▸ Task details: Note on the material below: return exactly the lines from the line that holds "Phù hợp anh" through the line that holds "正品崧冰砖SONG A38冰果系列一键冰爽功能17000口一次性电子烟-青提味", and leave out each picture.

▸ Material to process:
^^^^

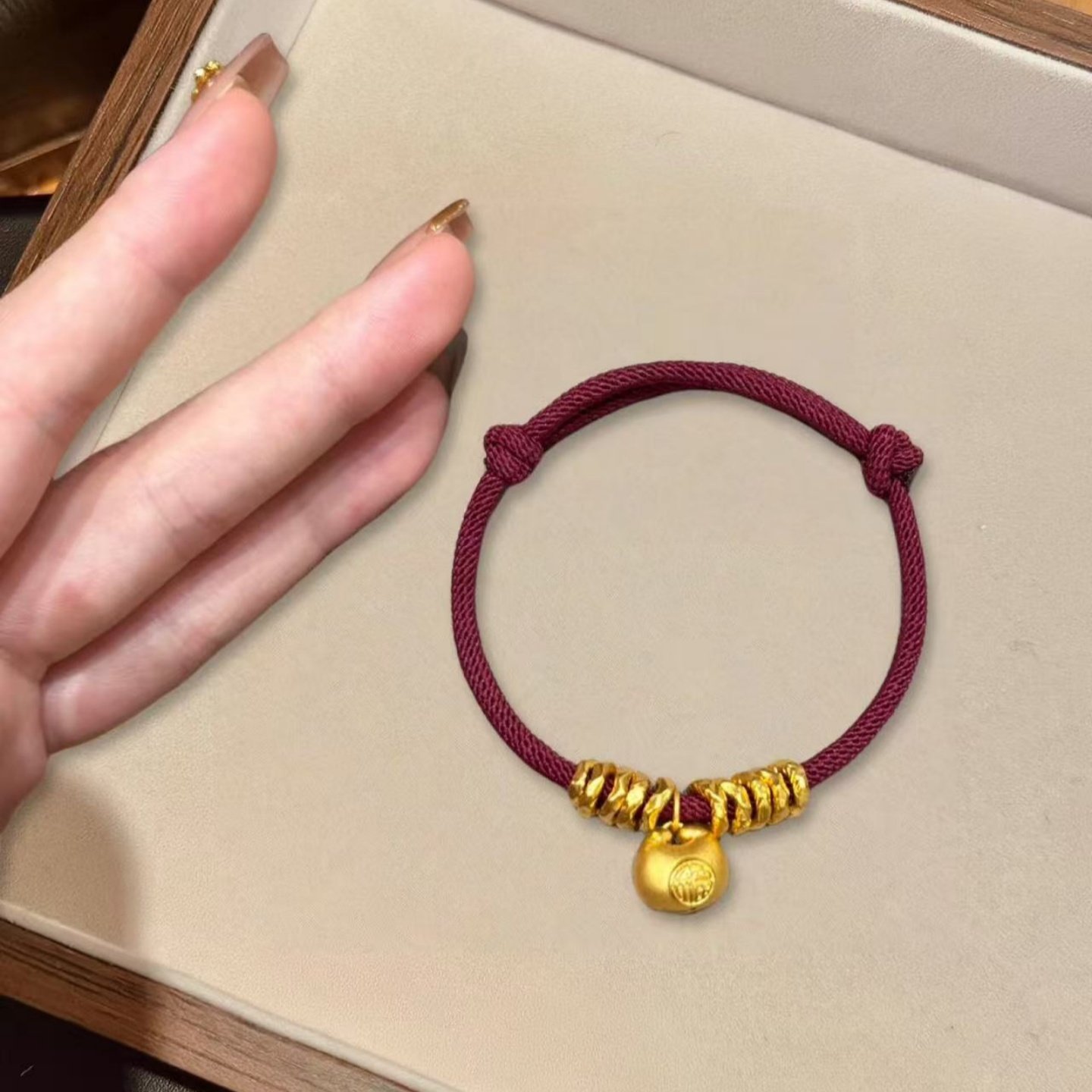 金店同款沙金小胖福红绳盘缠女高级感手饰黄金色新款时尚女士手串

^^^^

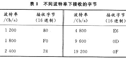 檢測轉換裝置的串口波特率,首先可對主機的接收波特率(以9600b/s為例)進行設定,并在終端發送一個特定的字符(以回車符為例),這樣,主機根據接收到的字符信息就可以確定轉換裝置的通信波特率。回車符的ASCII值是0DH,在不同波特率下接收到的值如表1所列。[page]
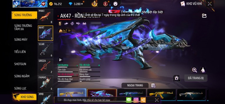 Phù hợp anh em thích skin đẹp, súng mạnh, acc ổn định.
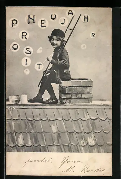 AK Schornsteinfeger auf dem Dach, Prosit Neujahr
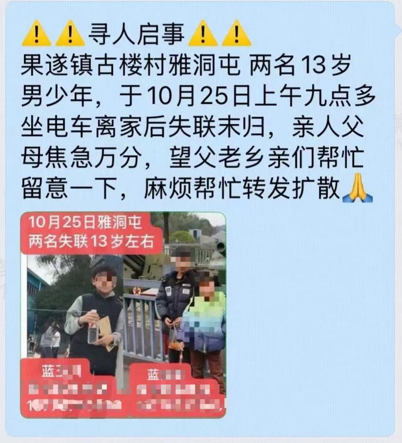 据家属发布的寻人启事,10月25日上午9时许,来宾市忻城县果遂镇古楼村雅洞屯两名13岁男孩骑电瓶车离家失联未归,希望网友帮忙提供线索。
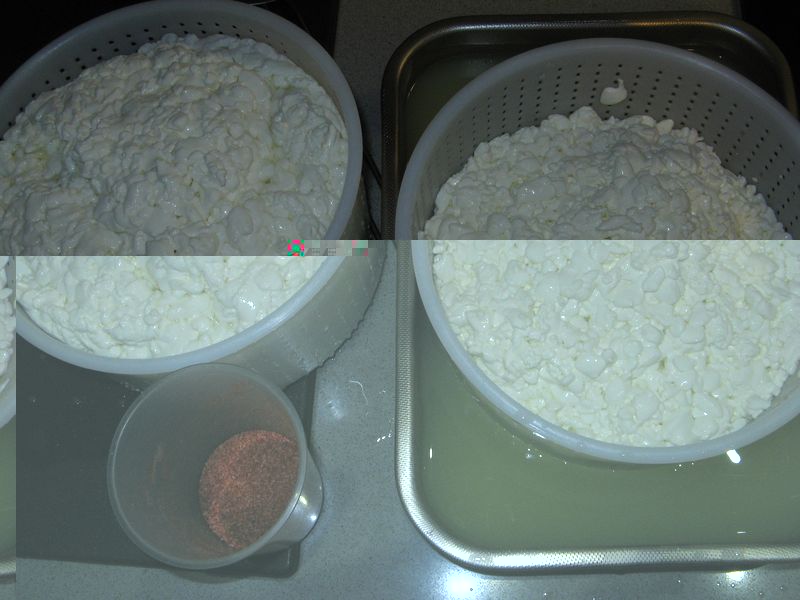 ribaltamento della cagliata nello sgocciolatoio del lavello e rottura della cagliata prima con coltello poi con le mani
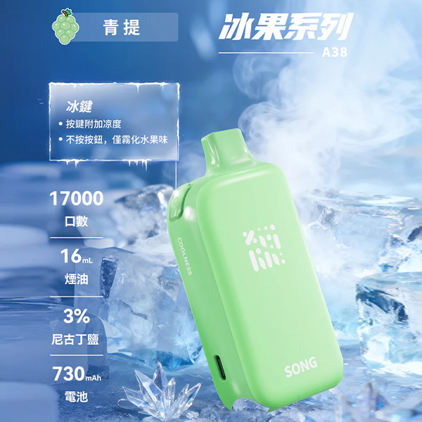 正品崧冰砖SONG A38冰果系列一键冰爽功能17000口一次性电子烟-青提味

^^^^

▸ The answer:
 Phù hợp anh em thích skin đẹp, súng mạnh, acc ổn định.
 AK Schornsteinfeger auf dem Dach, Prosit Neujahr
 据家属发布的寻人启事,10月25日上午9时许,来宾市忻城县果遂镇古楼村雅洞屯两名13岁男孩骑电瓶车离家失联未归,希望网友帮忙提供线索。
 ribaltamento della cagliata nello sgocciolatoio del lavello e rottura della cagliata prima con coltello poi con le mani
 正品崧冰砖SONG A38冰果系列一键冰爽功能17000口一次性电子烟-青提味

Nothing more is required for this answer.